**THE PROBLEM:** Please repeat the lines below exactly. Begin with the line containing "棠悦芳华轩的景观灵感来自著名" and go on through the line containing "衡水金卷先享题 2024-2".

**GIVEN RECORDS:**
__________

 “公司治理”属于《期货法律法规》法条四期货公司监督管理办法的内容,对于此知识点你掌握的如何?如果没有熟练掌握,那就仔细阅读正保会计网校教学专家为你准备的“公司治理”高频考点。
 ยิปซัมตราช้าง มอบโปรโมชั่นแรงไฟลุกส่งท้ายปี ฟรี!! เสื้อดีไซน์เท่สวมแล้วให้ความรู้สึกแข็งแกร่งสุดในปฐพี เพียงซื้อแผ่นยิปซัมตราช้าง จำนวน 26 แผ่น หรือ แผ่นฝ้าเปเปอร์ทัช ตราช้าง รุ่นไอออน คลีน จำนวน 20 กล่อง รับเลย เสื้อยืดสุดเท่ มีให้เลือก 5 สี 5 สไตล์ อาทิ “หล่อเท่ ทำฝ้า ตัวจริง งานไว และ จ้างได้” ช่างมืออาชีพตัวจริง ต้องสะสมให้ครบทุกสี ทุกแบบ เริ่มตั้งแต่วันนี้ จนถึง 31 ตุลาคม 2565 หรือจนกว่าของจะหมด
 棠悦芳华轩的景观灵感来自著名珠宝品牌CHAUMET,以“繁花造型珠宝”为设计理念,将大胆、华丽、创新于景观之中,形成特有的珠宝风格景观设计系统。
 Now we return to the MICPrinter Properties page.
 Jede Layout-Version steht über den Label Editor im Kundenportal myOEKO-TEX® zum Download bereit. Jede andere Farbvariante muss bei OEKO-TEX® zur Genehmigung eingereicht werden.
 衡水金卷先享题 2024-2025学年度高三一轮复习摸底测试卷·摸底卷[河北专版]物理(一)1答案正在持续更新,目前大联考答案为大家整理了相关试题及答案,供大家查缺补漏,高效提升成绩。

__________

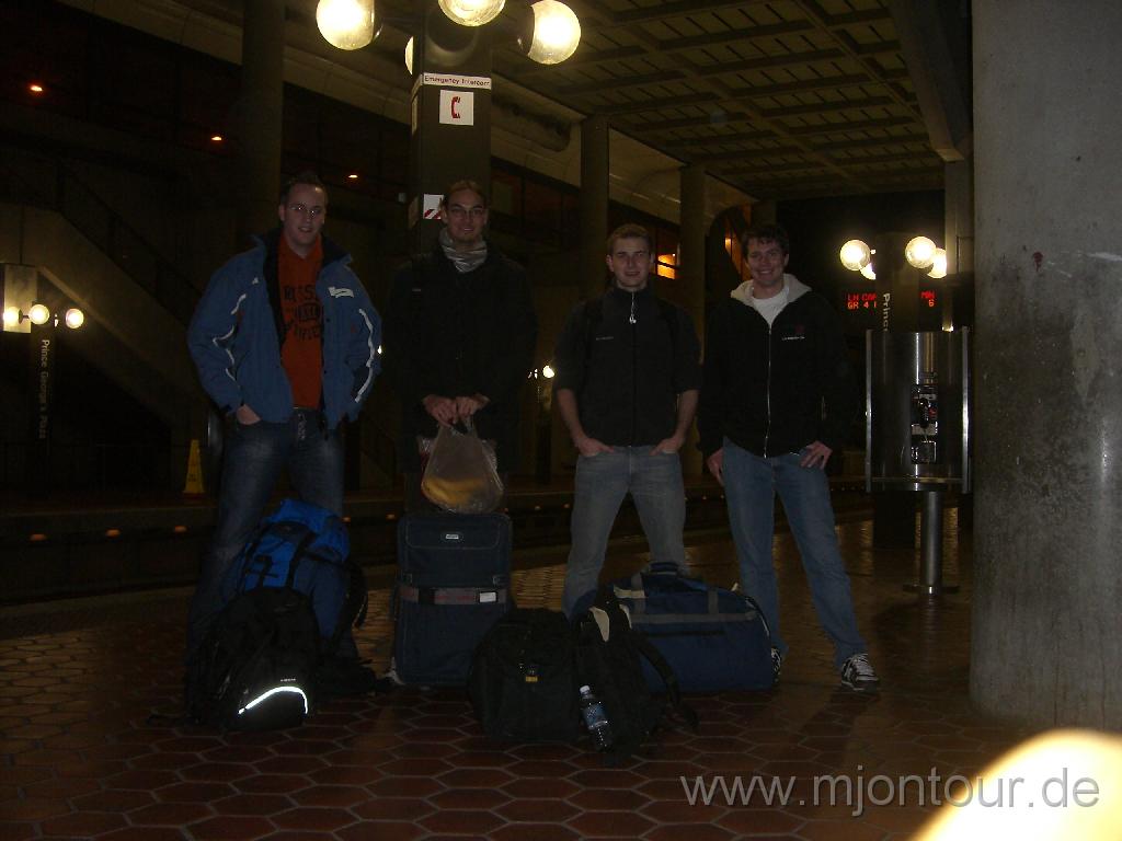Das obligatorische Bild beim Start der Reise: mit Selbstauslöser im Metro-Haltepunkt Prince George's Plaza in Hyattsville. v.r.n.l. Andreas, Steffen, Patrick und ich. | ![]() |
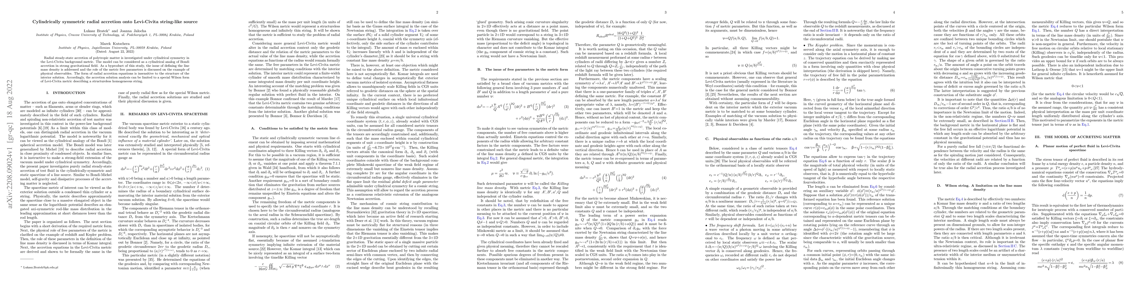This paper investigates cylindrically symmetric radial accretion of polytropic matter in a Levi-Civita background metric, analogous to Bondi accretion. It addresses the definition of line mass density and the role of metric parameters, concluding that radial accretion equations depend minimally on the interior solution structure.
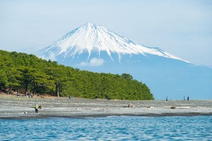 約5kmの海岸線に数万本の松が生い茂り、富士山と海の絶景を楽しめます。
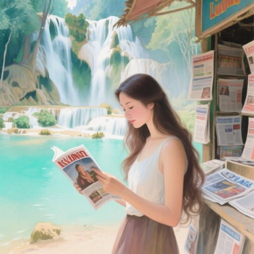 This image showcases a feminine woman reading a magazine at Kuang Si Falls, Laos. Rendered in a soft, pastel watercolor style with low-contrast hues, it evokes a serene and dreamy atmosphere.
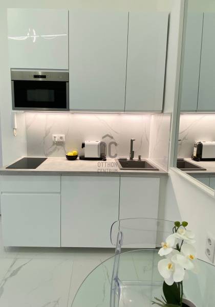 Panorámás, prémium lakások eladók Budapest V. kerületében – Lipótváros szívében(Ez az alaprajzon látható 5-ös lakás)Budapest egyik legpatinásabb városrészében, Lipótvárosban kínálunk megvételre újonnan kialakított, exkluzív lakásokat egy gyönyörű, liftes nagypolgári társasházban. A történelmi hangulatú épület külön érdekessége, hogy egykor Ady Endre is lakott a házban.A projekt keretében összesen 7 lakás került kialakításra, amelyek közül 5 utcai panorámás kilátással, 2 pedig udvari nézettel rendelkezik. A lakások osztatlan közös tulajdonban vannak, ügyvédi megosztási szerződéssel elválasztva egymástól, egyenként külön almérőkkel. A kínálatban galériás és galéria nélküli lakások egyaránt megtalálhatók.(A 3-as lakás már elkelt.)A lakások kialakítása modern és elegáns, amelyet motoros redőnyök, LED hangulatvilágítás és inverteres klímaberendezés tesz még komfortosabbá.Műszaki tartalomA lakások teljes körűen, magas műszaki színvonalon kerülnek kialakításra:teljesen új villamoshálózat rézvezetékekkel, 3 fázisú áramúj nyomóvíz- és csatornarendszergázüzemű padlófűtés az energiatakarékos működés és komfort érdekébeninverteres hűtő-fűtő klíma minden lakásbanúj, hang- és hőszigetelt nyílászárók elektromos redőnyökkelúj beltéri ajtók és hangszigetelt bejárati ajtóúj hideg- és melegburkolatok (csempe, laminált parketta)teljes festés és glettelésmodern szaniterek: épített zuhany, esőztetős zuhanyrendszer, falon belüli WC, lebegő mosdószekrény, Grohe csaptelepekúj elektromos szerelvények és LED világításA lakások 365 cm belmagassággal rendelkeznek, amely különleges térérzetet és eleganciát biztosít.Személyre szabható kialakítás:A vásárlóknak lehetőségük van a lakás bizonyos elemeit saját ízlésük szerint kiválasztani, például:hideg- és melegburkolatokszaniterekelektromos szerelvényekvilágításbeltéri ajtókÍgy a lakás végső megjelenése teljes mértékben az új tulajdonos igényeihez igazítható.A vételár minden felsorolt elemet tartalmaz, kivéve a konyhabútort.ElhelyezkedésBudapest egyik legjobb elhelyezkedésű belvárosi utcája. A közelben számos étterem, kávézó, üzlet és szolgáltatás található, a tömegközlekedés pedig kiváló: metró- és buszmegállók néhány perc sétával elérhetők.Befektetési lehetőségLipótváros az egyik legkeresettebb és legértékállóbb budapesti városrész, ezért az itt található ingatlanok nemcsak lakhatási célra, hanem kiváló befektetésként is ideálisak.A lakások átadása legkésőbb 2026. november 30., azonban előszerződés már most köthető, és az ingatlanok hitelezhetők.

__________

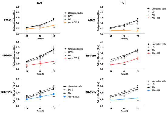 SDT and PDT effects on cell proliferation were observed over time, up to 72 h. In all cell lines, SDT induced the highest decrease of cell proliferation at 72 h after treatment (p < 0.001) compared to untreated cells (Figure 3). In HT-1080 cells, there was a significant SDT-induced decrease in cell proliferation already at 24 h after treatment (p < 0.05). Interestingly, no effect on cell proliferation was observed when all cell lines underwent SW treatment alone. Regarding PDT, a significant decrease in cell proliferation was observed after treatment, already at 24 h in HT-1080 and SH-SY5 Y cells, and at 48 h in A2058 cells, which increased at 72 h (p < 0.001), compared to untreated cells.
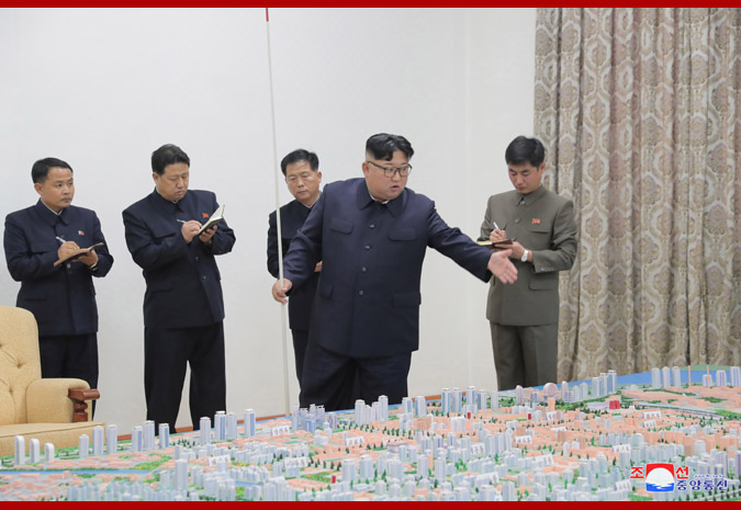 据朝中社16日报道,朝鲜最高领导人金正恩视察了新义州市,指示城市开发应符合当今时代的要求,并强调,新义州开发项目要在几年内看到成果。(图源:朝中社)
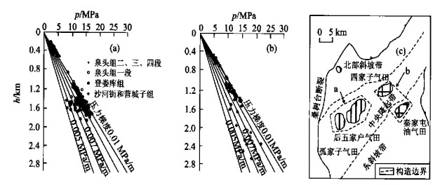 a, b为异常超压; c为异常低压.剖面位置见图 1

__________

**YOUR RESPONSE:**
 棠悦芳华轩的景观灵感来自著名珠宝品牌CHAUMET,以“繁花造型珠宝”为设计理念,将大胆、华丽、创新于景观之中,形成特有的珠宝风格景观设计系统。
 Now we return to the MICPrinter Properties page.
 Jede Layout-Version steht über den Label Editor im Kundenportal myOEKO-TEX® zum Download bereit. Jede andere Farbvariante muss bei OEKO-TEX® zur Genehmigung eingereicht werden.
 衡水金卷先享题 2024-2025学年度高三一轮复习摸底测试卷·摸底卷[河北专版]物理(一)1答案正在持续更新,目前大联考答案为大家整理了相关试题及答案,供大家查缺补漏,高效提升成绩。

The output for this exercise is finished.